Originally published at Buzz Flash

The First Republican Comedy Hour (otherwise known as the first Republican presidential debate) was held on May 3. It held some fascinating lessons for me, and I want to share some of them with you. I must tell you that hearing these men talk brought many a chuckle to my throat (and at times something else as well, but we won’t go into that, even though I am a doctor).

— All the candidates are in favor of “returning religion to the public square.” What, we don’t have enough churches, usually two to three, on (or at least near) enough public squares around the country already?

— “People are entitled to their faith,” unless, of course, their faith (or lack thereof) tells them that life begins at the time of viability, not conception.

— “People are entitled to their faith,” unless, of course, their faith (or lack thereof) tells them that under the Equal Protection Clause of the 14th Amendment to the Constitution, persons are entitled to all of the benefits and obligations of the institution of civil marriage, regardless of their sexual orientation.

— Any one of them will catch Osama bin Laden, with John McCain determined to “go to the gates of hell” (wherever they may be, apparently ready to risk Air Force One in the process) should doing so prove necessary. None of them commented on why President Bush, their President Bush for better or for worse, has failed to do that in 5 ½ years. (Hint, hint, hint, guys, for the next debate, in case a moderator asks you the latter question: a) bin Laden is a U.S. government asset, b) bin Laden is a Bush Family asset, c) the U.S. has got him, has had him for quite some time, but ain’t telling, because 1) he is of much more use for Georgite propaganda out there than he would be otherwise and 2) they would possible have to try him in at least a semi-open court and boy, would he have some stories to tell.)

— America is the most admired nation in the world.

— Spending will be reduced, mainly by “cutting pork” (although they didn’t say which cut of the pig would be cut).

— Welfare will be eliminated. Apparently they didn’t notice that Pres. Clinton actually did that in 1996.

— Three of the ten don’t believe in the Theory of Evolution.

— Republican corruption is the result of the failure of individuals, not a philosophy or a modus operandi of certain types of people attracted to the Republican Party and Republican politics. Senator Brownback’s long-term solution to the problem of Republican corruption is to build up families. That’s very long-term, of course. And anyway, he told us, using the favorite Republican/O’RHannibaugh “two wrongs make a right” argument, Democrats are corrupt too.

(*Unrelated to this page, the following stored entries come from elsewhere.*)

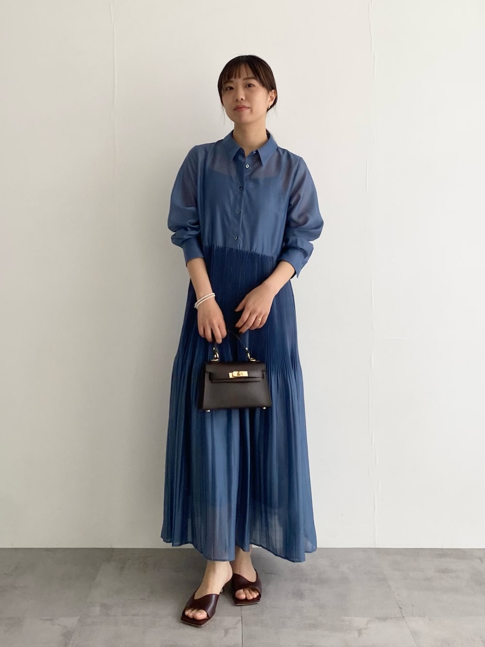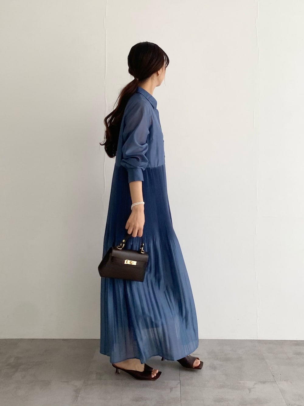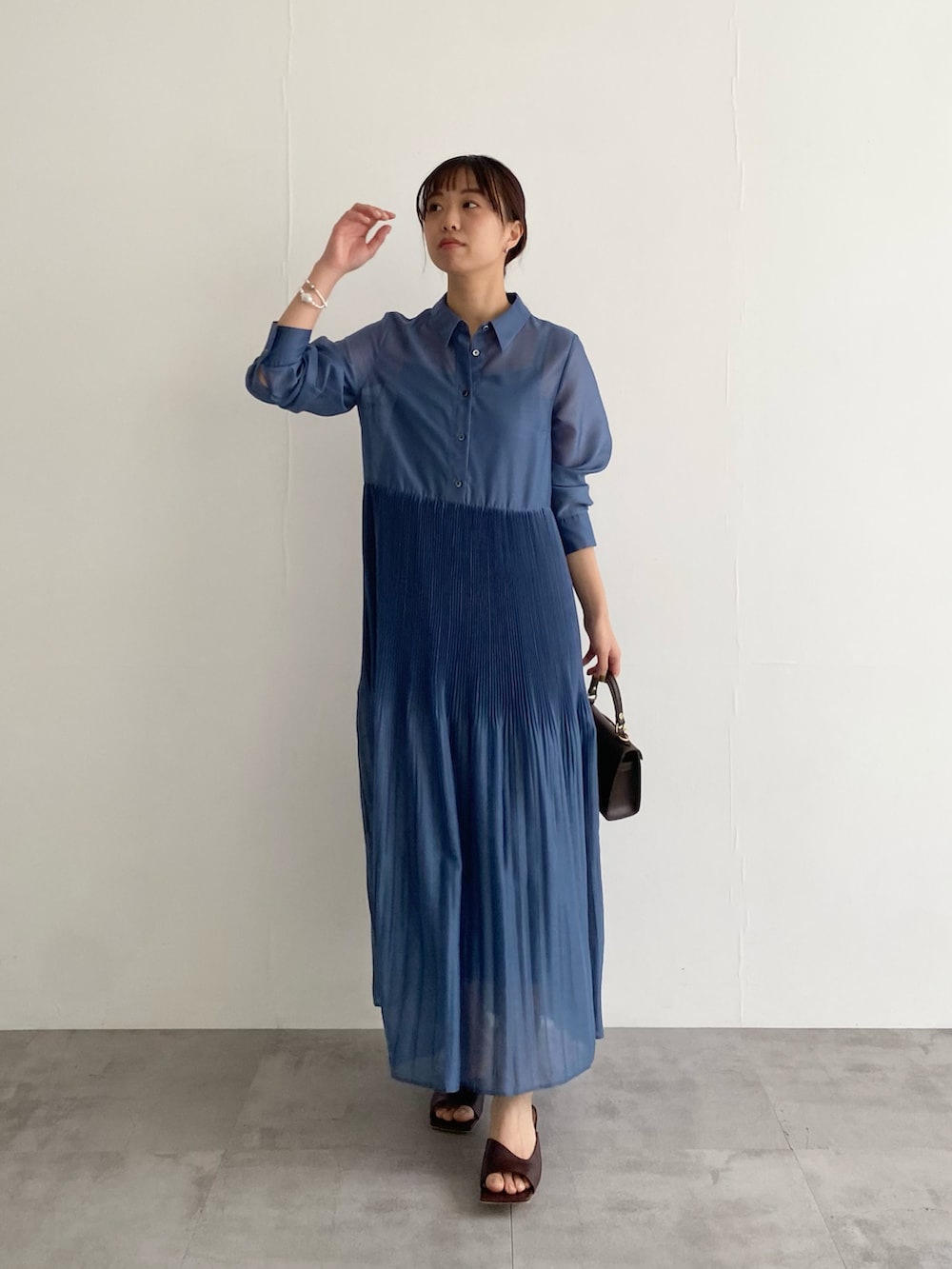 ウエストからヒップにかけて細かいプリーツが施されたワンピース
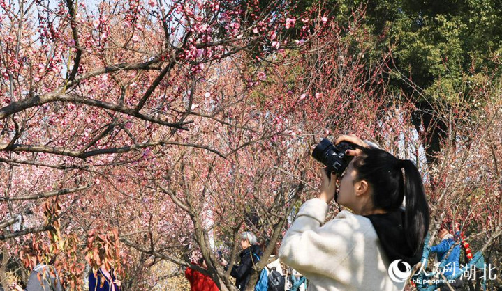 拍摄梅花的游客。人民网彭昀迪摄
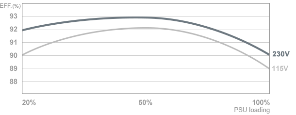 Con certificación 80Plus Platinum asegura el nivel de eficacia hasta un 92% a 115Vac.
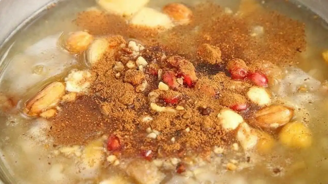 Takvo jelo spravlja se u znak sjećanja na poslanika Nuha čija lađa je na današnji dan pristala na kopno nakon poplave sa, prema predajama, parom svih živih vrsta na Zemlji.
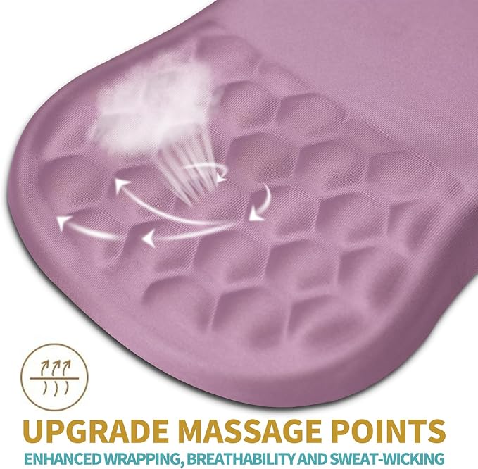 - 【Ergonomic Massage Design】The innovative ergonomic 8-degree slope and massage bump design perfectly support the wrist and palm. Massage bump design can effectively relieve wrist pain and fatigue, improve carpal tunnel syndrome (CTS), strengthen the air circulation between wrist and mouse pad, prevent sweating, and keep your wrist in the most comfortable state.
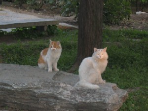 5−6匹の丸々したネコたち。エサをもって中国人のおばさんがきていました。」
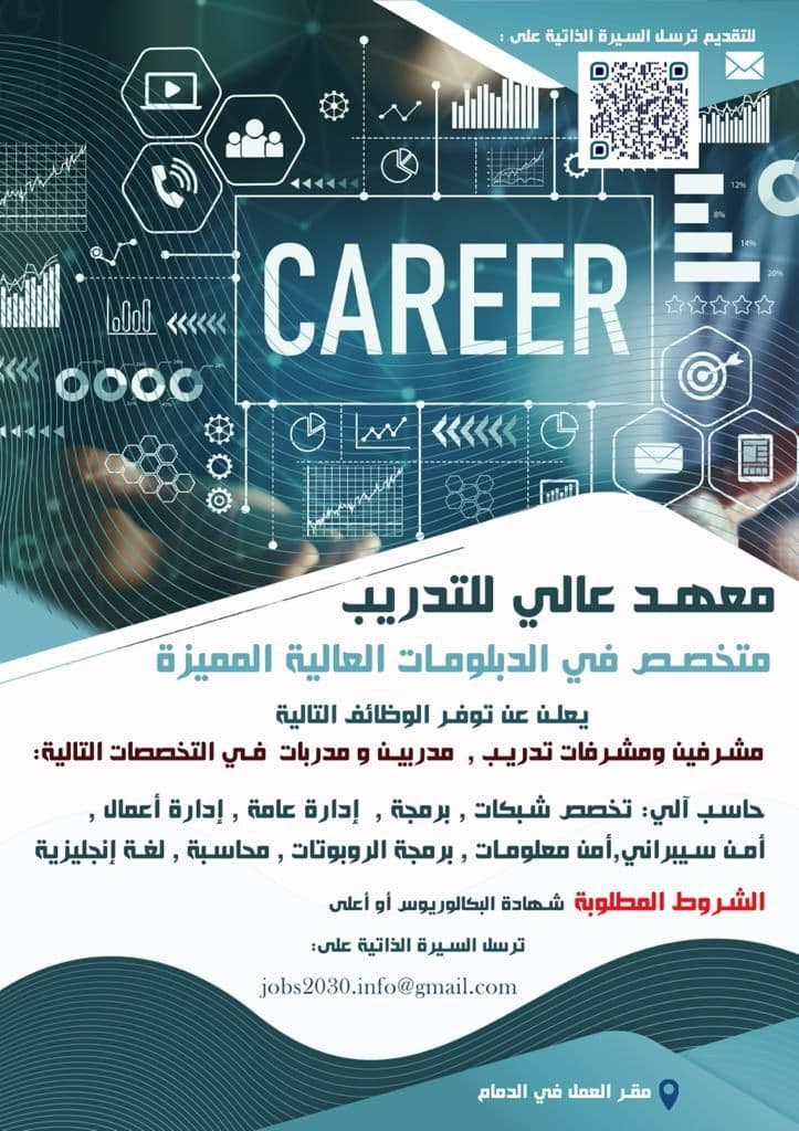 أعلن معهد تدريب متخصص في الدبلومات العالية بالدمام بفرعيه «الرجال - السيدات» عن توفر وظائف شاغرة لمشرفين ومشرفات تدريب، مدربين ومدربات حسب المؤهلات التالية:

He could name only one example, Cong. William Jefferson, but it must be the fact that the Cong. preserved that cash in his freezer that gives that single story of Democratic corruption so much staying power. It is indeed well-preserved, that is if it is still in someone’s freezer.

— In terms of his long-time opposition to the Iraq War and his “get out now” position on it, the Republicans have their very own Dennis Kucinich. His name is Ron Paul, Cong. From Texas. There are, however, major differences. He is far to the Right on virtually every other issue, and he does not have an absolutely gorgeous English wife, 30 years younger than he, who is also a serious political progressive and activist.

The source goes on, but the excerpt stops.